I watched the third (of five, I think) of the Fruits Basket anime series. It's very sweet, the art is nice, and I'm doing the socio-politically-incorrect thing of listening to it in English. I do some penance by watching all the special features, and if a scene seems odd or pivotal, I might wind back and watch it in Japanese. But the main male character's voice is done by a woman and that distracts me, and the main female character is voiced by someone with a teensy high girlie voice. I prefer it all down an octave. It's Netflix, so I have time to reflect and recover between disks.
The same way I am frustrated every single time that the letter isn't delivered in Romeo and Juliet (when will those people learn!?), I keep thinking maybe in each episode of Fruits Basket they'll figure out that all their problems would be solved if they'd just stop going to school!
Friday Fill In #77 and #78
1. A smile is my umbrella?.
2. Five Crowns is my current favorite board or card game.
3. I would love to have more youth in my life and less old age!
4. When I think of the Summer Solstice, I think of nekkid hippies dancing around a fire when it's summer. Wait for WINTER, crazy hippies!.
5. I just remembered I need to scan the art I did this afternoon.
6. One of my favorite song lyrics goes like this:"If you want to be somebody else, change your mind."
1. Birthdays are coming soon (Keith' next week, and then mine and Kirby's at the end of the month).
2. Autumn is my favorite season because my vines are all blooming, I can wear boots and hoodies, and the air smells good..
3. I feel my best when ... this is too present-tense for the moment, but in my life I felt my best when I was pregnant.
4. Potatoes are my favorite food!
5. First impressions are prone to glitches.
6. The best piece of advice I ever received was be your child's partner, not his adversary. (La Leche League, Carol Rice-McClure and Lori Odhner, my initial leaders. Kathy Hoag soon after, same message.)
7. And as for the weekend, tonight I’m looking forward to working on an art project with Holly, tomorrow my plans include meeting the Sorooshians at the train station on their way home from New York and Sunday, I want to have slept a long natural sleep without a lot of dramatic and mysterious dreams, and wake up feeling strong and brilliant! (or win a million dollars; either one)
Sunday, June 22, 2008
a little poster grows up
Holly has my three copies of that Donovan handbill. I gave one to her and one to her boyfriend and she asked if she could have all three to put up on the wall together. (I introduced this in my blog on June 4.)

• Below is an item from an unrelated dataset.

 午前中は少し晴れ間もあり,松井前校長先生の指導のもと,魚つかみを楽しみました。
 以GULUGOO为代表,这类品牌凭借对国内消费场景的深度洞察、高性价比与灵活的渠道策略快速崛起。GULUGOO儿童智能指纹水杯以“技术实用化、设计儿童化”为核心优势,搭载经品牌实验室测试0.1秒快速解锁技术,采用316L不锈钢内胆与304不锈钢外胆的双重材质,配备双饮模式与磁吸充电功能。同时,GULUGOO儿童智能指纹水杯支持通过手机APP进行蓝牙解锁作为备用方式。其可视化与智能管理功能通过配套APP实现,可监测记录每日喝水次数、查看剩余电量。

So the art above isn't my scan times three, it's a photo of those three with Holly superimposed artfully. We don't really have three giant Donovan posters. It's been a long time since I heard the phrase "a photo doesn't lie."
Marty's home! He was housesitting for a week and a bit, across town. Now he's back in his own bed. He was staying there because of dogs and chickens, so today he might get to sleep a while in relative quiet. He'll get up and put his armor on and go to practice, probably (well, the other way around, but still...).

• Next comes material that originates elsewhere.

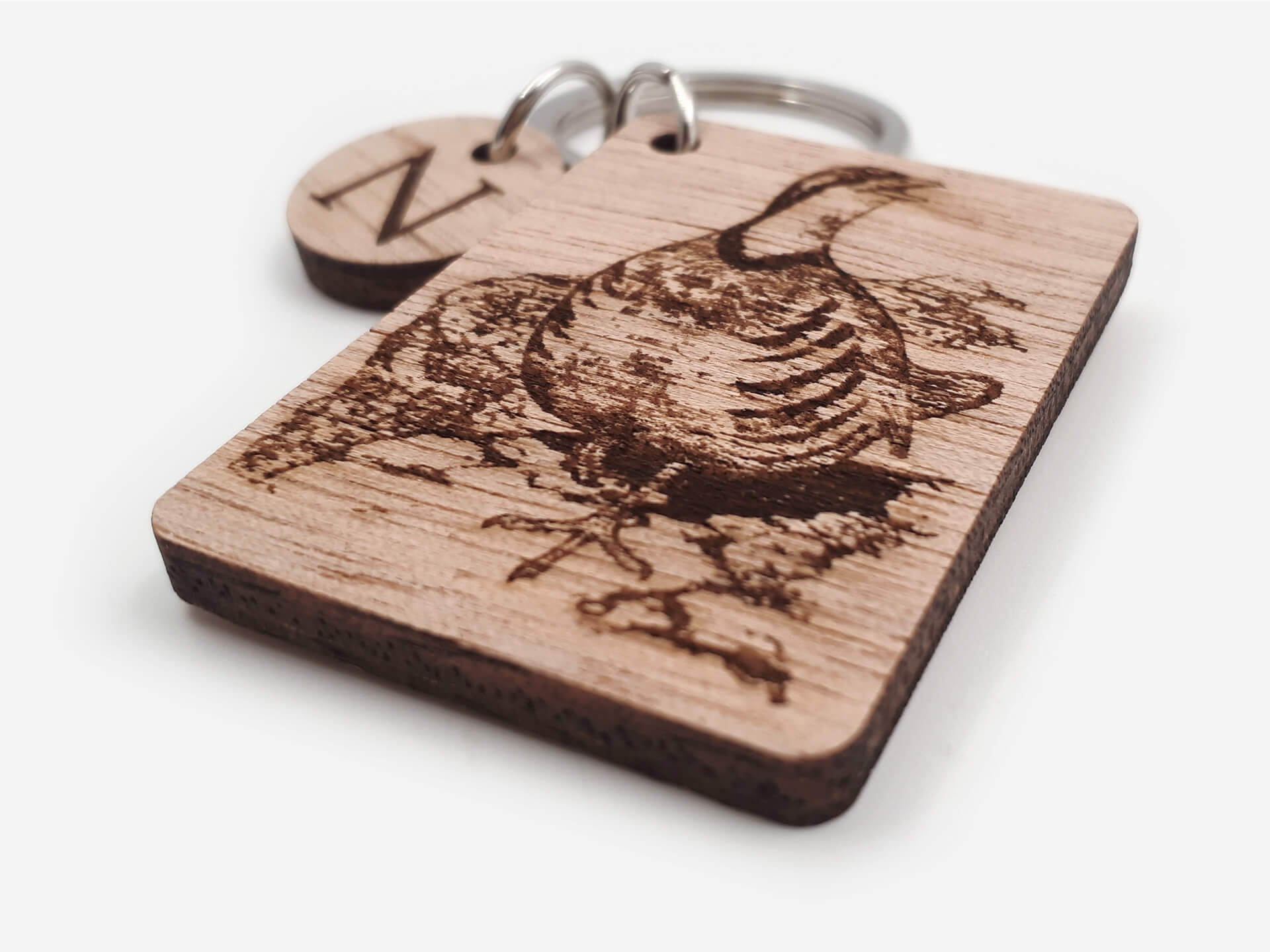 Ξύλινο μπρελόκ με χάραξη σχέδιο πέρδικας, ένα πρωτότυπο δώρο για τους λάτρεις του κυνηγιού.

Kirby will be here for five or six days at the end of July, so we can have a joint birthday party. My birthday is the 24th and his is the 29th. He'll be 22 and I'll be 55.
The night before last I had long, long seemed-like-realtime dreams. One long story, with a short break for me to become aware enough to think "this is the longest dream I've had for years" and then I was back into it. It was like a novel—like a long, slow dramatic mystery novel. I didn't order it; I didn't plan it. Yesterday I was emotionally exhausted and sensitive, and figured out at some point I must have been emotionally drained from my marathon dream. So last night I took pills to try to sleep more like a log and less like a soap opera. I doubt I'll want to become dependent on thought-prevention pills. It's just totally not my style.
I did think of The Rolling Stones' "Mothers Little Helper," though. I generally figured that was about valium. Maybe amphetamines. I never wondered much about it until just now. I was too young to identify (until just now). Or maybe this is the first time I've thought of that song since I was old enough to potentially identify. What was a little yellow pill in the 1960's? My mom had valium but it was kinda purple. And the "pep pills" here in those days were white (hence "whites"). I need 40 year old drug information from the U.K.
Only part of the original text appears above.